Conventional Raman spectroscopy and its derivatives are powerful optical techniques in the field of bacterial sensing. Raman spectroscopy provides characteristic molecular fingerprints; is insensitive to water, which enables detection of biological samples in their native environment; and is non-invasive. However, conventional Raman spectroscopy is inherently weak; so various Raman derivatives have developed to address the sensitivity issue. SERS exhibits great versatility, good sensitivity, and specificity, and it is the most widely utilized Raman technique for bacterial detection. TERS not only records chemical information of analytes, but also topographic information with nanometer-scale spatial resolution, which is extremely useful in studying bacterial surface compositions, distribution of surface components, cellular structures, and even biofilm structure. Currently, TERS has only infrequently been used for bacterial sensing applications, but this should change as commercial TERS instruments become more readily available. CARS, especially recent broadband variants, combines rapid detection with moderate sensitivity. Essentially every type of Raman spectroscopy can be coupled with microscopy to achieve bacterial imaging, and the resulting hyperspectral data sets open up a rich set of analysis possibilities, including combinations with other imaging modalities, such as mass spectrometry imaging, to enable multiplex sensing and imaging. Furthermore, although the spectra of bacteria arise from a common set of organismal components, i.e., nucleotides, proteins, lipids, etc., judicious use of chemometrics and multivariate statistical approaches renders Raman techniques capable of differentiating bacterial species, even down to the strain level.
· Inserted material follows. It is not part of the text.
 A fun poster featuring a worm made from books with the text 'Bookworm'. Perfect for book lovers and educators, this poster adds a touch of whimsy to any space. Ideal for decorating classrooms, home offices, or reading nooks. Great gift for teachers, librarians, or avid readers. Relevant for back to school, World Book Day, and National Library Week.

Fluorescence spectroscopy has also been extensively used for bacterial sensing because of its high sensitivity and the specificity imbued by fluorophore-conjugated affinity agents. Exogenous fluorescence, as it is used in bacterial biosensing, is ultimately limited by the background, however, under the right conditions single molecules and single bacteria can be detected. Furthermore, the use of the spectral dimension makes it possible to achieve spectral multiplexing and thereby simultaneously determine multiple bacterial targets. Recently the combination of bacterial recognition and fluorescence readout has been combined to achieve in vivo fluorescence imaging, wherein bacteria can be detected directly in living organisms and/or biopsy tissues, making it a promising diagnostic tool for the clinic.
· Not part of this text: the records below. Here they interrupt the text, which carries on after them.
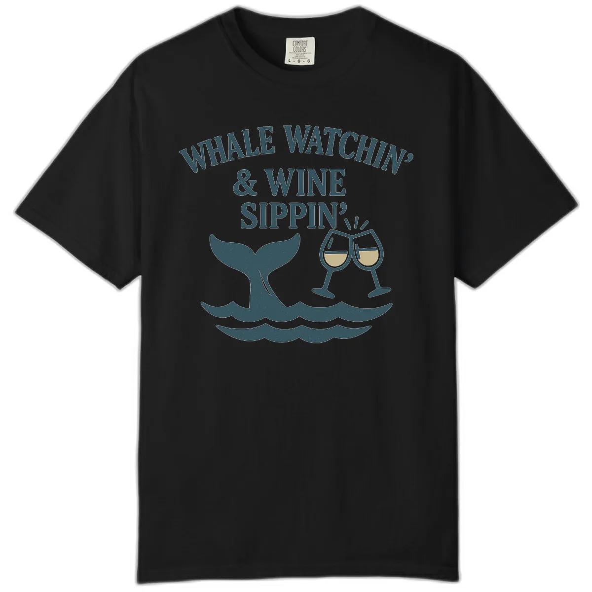 How does the 'Whale Watchin' & Wine Sippin'?' design look on the Comfort Color T-shirt?
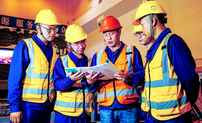 水电站工作人员检修水电机组。
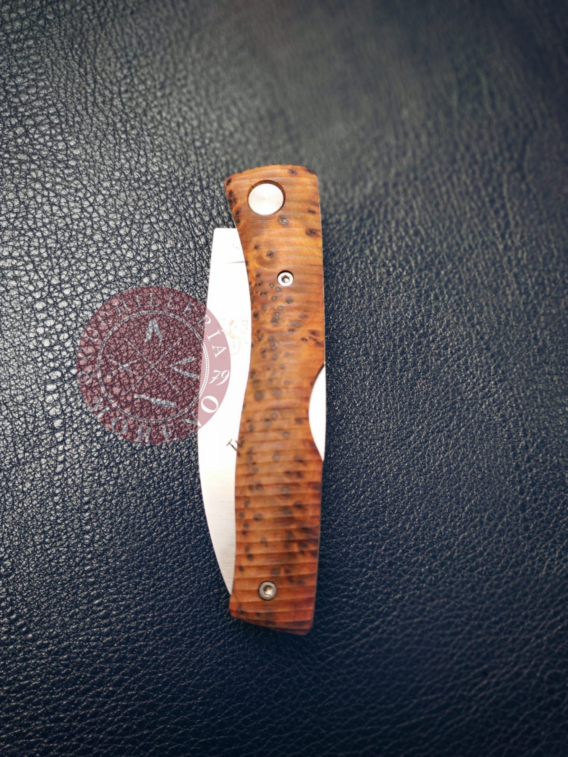 Esta navaja de Albacete fabricada a mano por Salamandra tiene un impresionante acero de alto rendimiento N690 con una hoja de punta caida de 7,5cm.
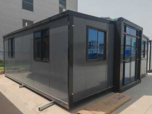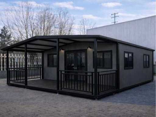 2026 Rhino Houses 36,5 m2 Black 2 bedrooms, bathroom and kitchen Mobile living unit / Tiny house with awning / balcony
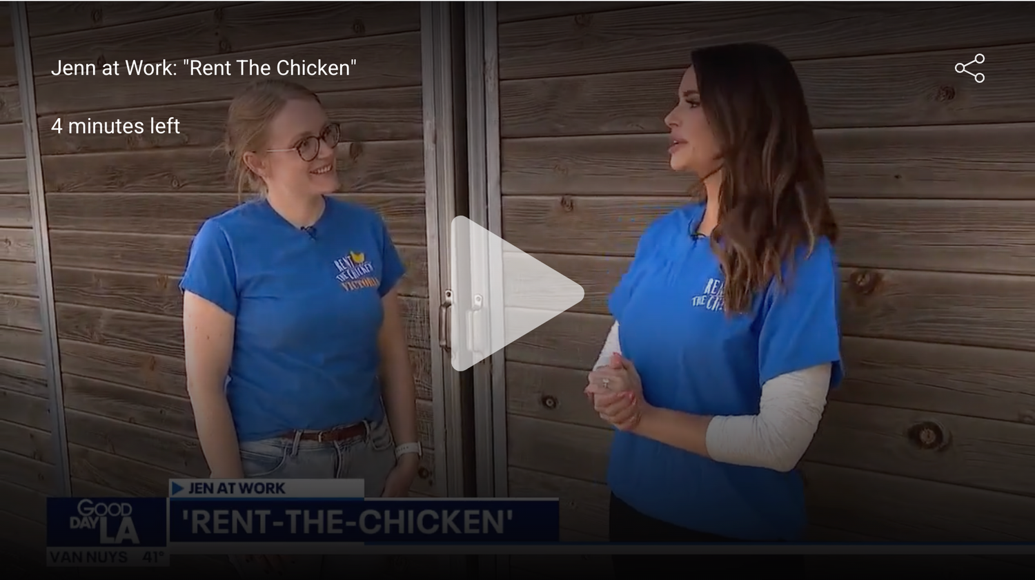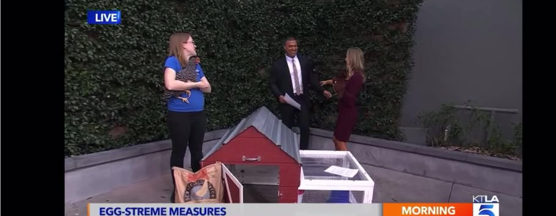 We brought two of our rentable hens and our entire Rent The Chicken coop set up to the KTLA Weekend Mornings studio. The ladies did a great job showing off how sweet and a bit silly they can be.

The most recent addition to optical bacterial biosensing, SPR and LSPR detection, has been made possible by advances in nanotechnology. These sensing modalities which detect changes in the local dielectric response function are extraordinarily sensitive to the material, size, shape, thickness, and interparticle spacing of the sensor surface, as well as the refractive index of the surroundings. SPR and LSPR approaches are both sensitive to the size and concentration of analytes, and they have been employed extensively for chemical and biochemical sensing. In contrast bacterial sensing, to the extent that plasmonic approaches have been used, has far more frequently used SPR, although the characteristics of LSPR would seem to make it a promising approach for the future.